Limit of powers of matrix if spectral radius < 1

Question

I want to show $\lim_{k\rightarrow \infty}A^k=0$ iff $\sigma(A)<1$. I have $0\leq ||A^k||\leq ||A||^k=||Ax||^k=||\lambda_{max}x||^k=|\lambda_{max}|^k<1$ if we choose $x$ s.t. $||x||<1$ and $Ax=\lambda_{max}x$ for the backwards direction and $\lim_{k\rightarrow\infty}||A^kx||=|\lambda_{max}|^k ||x||= 0\Rightarrow \sigma(A)<1$ if we choose $x$ in the same way for the forwards direction. Is this sufficient?

Answer 1

If $A$ is nonsymmetric, it need not be the case that there exists an eigenvector $x$ such that $\|A\| = \|Ax\| = |\lambda_{\max}| \|x\|$. For take

\begin{equation} A = \begin{pmatrix} r & 1 \\ 0 & r \end{pmatrix}.\tag{1} \end{equation}

Then the only eigenvalue of $A$ is $r$ but $\|A\| > r$ since $\|Ae_2\| = \sqrt{1+r^2}$, where $e_2 = \begin{pmatrix} 0 & 1 \end{pmatrix}^T$. (Here, $\|\cdot\|$ is the vector 2-norm and matrix 2-norm $\|A\| = \max_{\|x\|\le 1} \|Ax\|$.) However, by direct computations of powers of $A$, we observe

$$ A^k = \begin{pmatrix} r^k & kr^{k-1} \\ 0 & r^k \end{pmatrix} \to 0 \textrm{ as } k\to\infty \textrm{ provided } |r| < 1. $$

One way to tackle this problem is to compute a Jordan normal form for your matrix, $A = VJV^{-1}$, which block diagonalizes $A$ into matrices which look like (1). In which case you observe, $0\le\|A^k\|= \|VJ^k V^{-1}\| \le \|V\| \|J\|^k \|V^{-1}\|$. From here, the analysis reduces to showing that if $|\lambda| < 1$, then a Jordan block $J$ with eigenvalue $\lambda$ satisfies $J^k \to 0$ as $k\to\infty$.

Answer 2

This is wrong. An $x$ that maximizes $\|Ax\|/\|x\|$ is not necessarily an eigenvector.

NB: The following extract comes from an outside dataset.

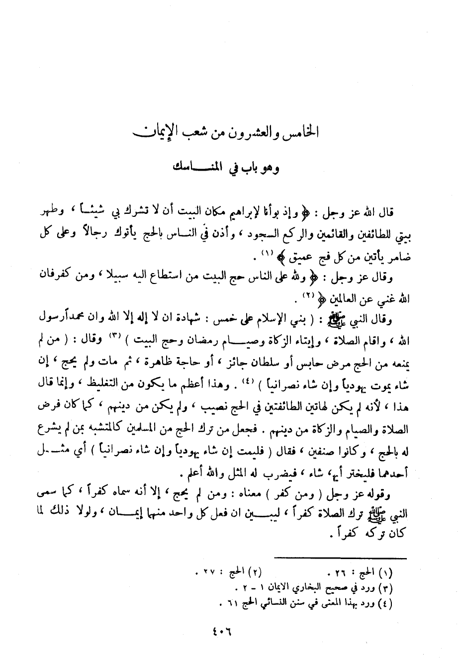 وقال النبي صلى الله عليه وسلم: {بني الإسلام على خمس: شهادة أن لا إله إلا الله وأن محمدًا رسول الله، وأقام الصلاة، وإيتاء الزكاة وصيام رمضان وحج البيت) وقال: (من لم يمنعه من الحج مرض حابس أو سلطان جائز، أو حاجة ظاهرة، ثم مات ولم يحج، إن شاء يموت يهوديًا وإن شاء نصرانيًا). وهذا أعظم ما يكون من التغليظ، وإنما قال هذا، لأنه لم يكن لهاتين الطائفتين في الحج نصيب، ولم يكن من دينهم، كما كان فرض الصلاة والصيام والزكاة من دينهم. فجعل من ترك الحج من المسلمين كالمتشبه بمن لم يشرع له بالحج، وكانوا صنفين، فقال (فليمت إن شاء يهوديًا وإن شاء نصرانيًا) أي مثل أحدهما فليختر أيها شاء، فيضرب له المثل والله أعلم.

For example, try $$ A= \pmatrix{0 & 2\cr 0 & 0\cr}$$ where the only eigenvalue is $0$, but $\|A\| = 2$. Here $x = \pmatrix{0\cr 1}$ satisfies $\|A x\| = 2$ and $\|x\| = 1$. By looking at $\|A\|$ alone you wouldn't know that $\lim_{n\to \infty} A^n = 0$ (in fact in this case $A^2 = 0$).